In these alternative implementations, the built neural radiation field model may be utilized to map the scene to a three-dimensional space, and the lines in the scene may be combined with semantic analysis to determine a three-dimensional coordinate system, so as to ensure that the built three-dimensional coordinate system is consistent with semantic information of the scene itself.

In some alternative implementations, analyzing symmetry of a scene in a sample video frame may include mapping each axis of symmetry of the scene in the sample video frame to a three-dimensional space using a constructed neural radiation field model, and determining a target axis of symmetry based on the axes of symmetry of the three-dimensional space that are parallel to any axis in the three-dimensional coordinate system.

In these alternative implementations, the symmetry axis may be determined on the basis of the created three-dimensional coordinate system. The editing effect can be enriched by preferentially selecting a symmetry axis parallel to a coordinate axis in the reconstructed three-dimensional coordinate system as a basis for subsequently determining the editing mirror effect.

According to the technical scheme, the process of analyzing the attributes of the scenes in the sample video frames is described in detail. By performing at least one analysis operation of three-dimensional coordinate reconstruction, symmetry analysis and semantic analysis, a foundation can be laid for scene understanding. The video editing method provided by the embodiment of the present disclosure belongs to the same disclosure concept as the video editing method provided by the above embodiment, technical details which are not described in detail in the present embodiment can be seen in the above embodiment, and the same technical features have the same beneficial effects in the present embodiment and the above embodiment.

Embodiments of the present disclosure may be combined with each of the alternatives in the video editing method provided in the above embodiments. The video editing method provided by the embodiment limits the determined target editing effect. Editing scene mirrors and/or editing scene shapes may be determined as target editing effects based on scene attribute information, which may provide more automated video editing capabilities.

Fig. 3 is a schematic flow chart of a video editing method according to an embodiment of the disclosure. As shown in fig. 3, the video editing method provided in this embodiment may include:

s310, performing attribute analysis on scenes in the sample video frames to obtain scene attribute information.

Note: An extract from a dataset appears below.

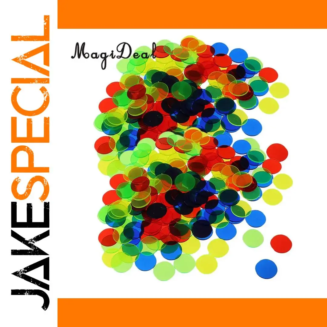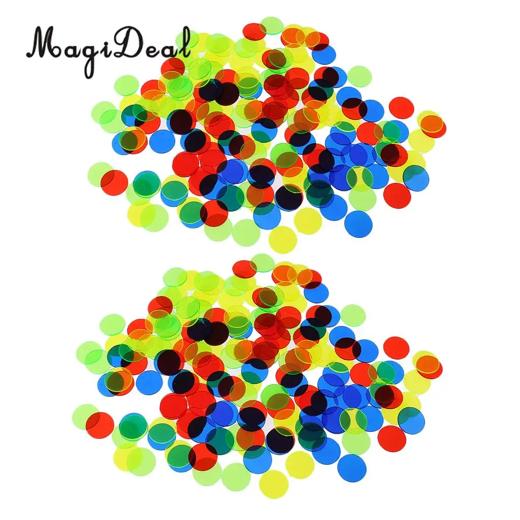 Enjoy vibrant gameplay with this set of 200 translucent plastic bingo chips, each measuring approximately 1.9 x 1.9 cm (0.74″) and 3/4 inch in diameter. The chips come in vivid colors such as red, green, blue, yellow, and black, featuring a glossy, semi-transparent finish that allows light to pass through for easy visual identification of called numbers. Designed for use with bingo cards, poker, and board games, these durable, smooth-surfaced chips are perfect for classroom, carnival, or casual gaming. Enhance your game nights with these colorful, high-quality chips that make every call visually clear and engaging.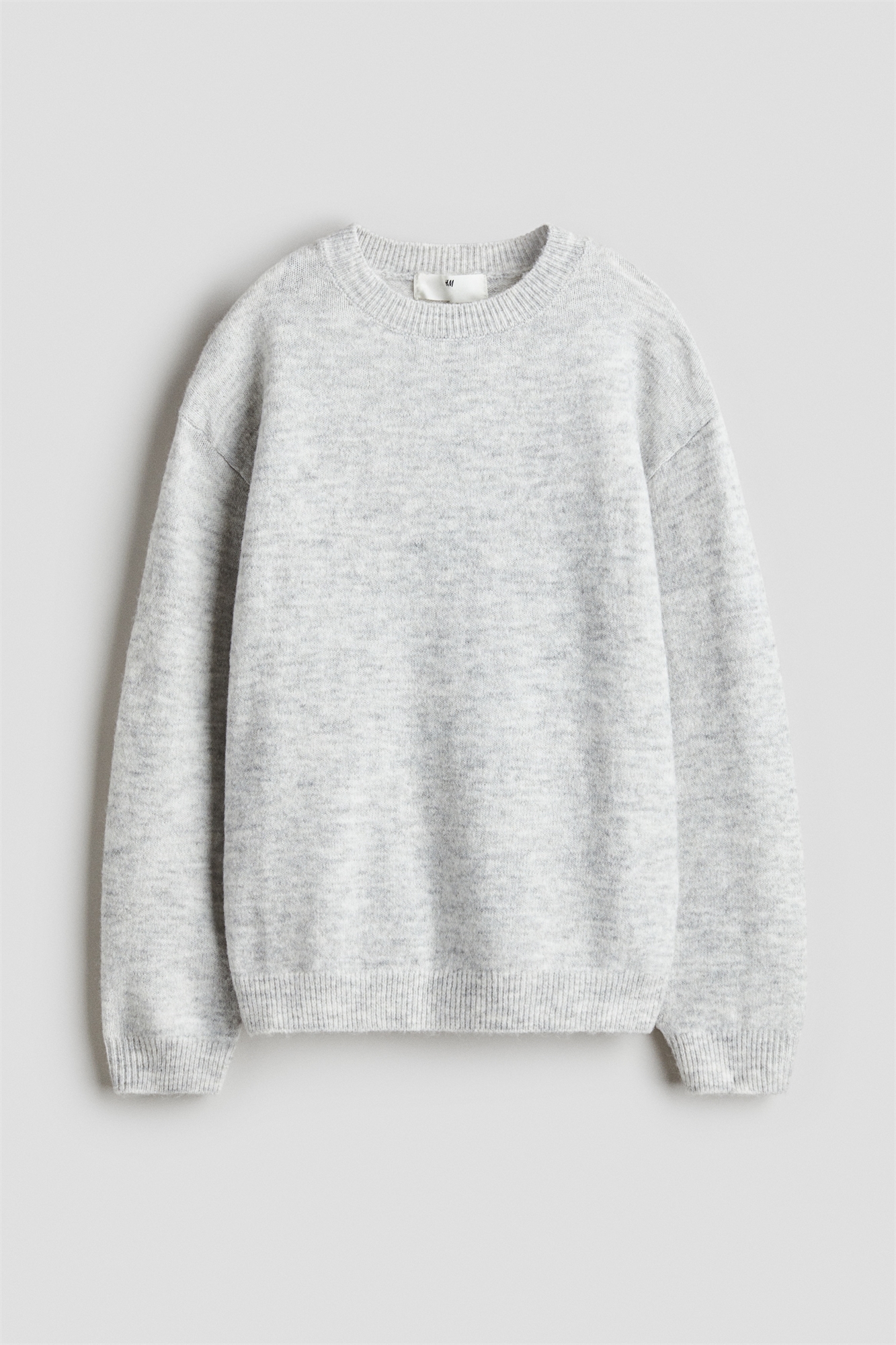 Джемпер свободного кроя из мягкого трикотажа с круглым вырезом в рубчик, спущенными плечами и длинными рукавами. Ребристые манжеты и подол.

The scene attribute information at least comprises spatial information and semantic information corresponding to a scene in the sample video frame.

S320, determining a target editing effect according to the scene attribute information.

The target editing effect comprises at least one of editing scene fortune mirrors and editing scene shapes.

The automatic generation of the mirror track can be performed according to semantic information in the scene attribute information, and the target editing effect can comprise editing the scene mirror.

For example, the surrounding of the shot may be made according to the target object in the scene. The determining process of the target object can comprise the steps of segmenting different objects in each sample video frame through semantic analysis, responding to target object selecting operation of a user, and selecting the target object;

Or can be automatically determined according to the result of semantic analysis, for example, a target attention object category is predefined, an object belonging to the category in the semantic segmentation result is used as a target object, and for example, an object with the occurrence frequency higher than a preset frequency in each sample video frame is used as a target object.

For another example, a lens surrounding track may be automatically generated according to the distribution of the same objects in the scene. Therefore, the mirror special effect of the film and television level can be automatically generated only by simple user interaction or without interaction.

The automatic generation of the mirror track can also be performed according to the symmetry plane in the scene attribute information, and the target editing effect can comprise editing the scene mirror. For example, a Seagate Kelly mirror may be made on the plane of symmetry to create a suspense, stressful atmosphere, or to highlight strong emotional changes in the person's mind, etc.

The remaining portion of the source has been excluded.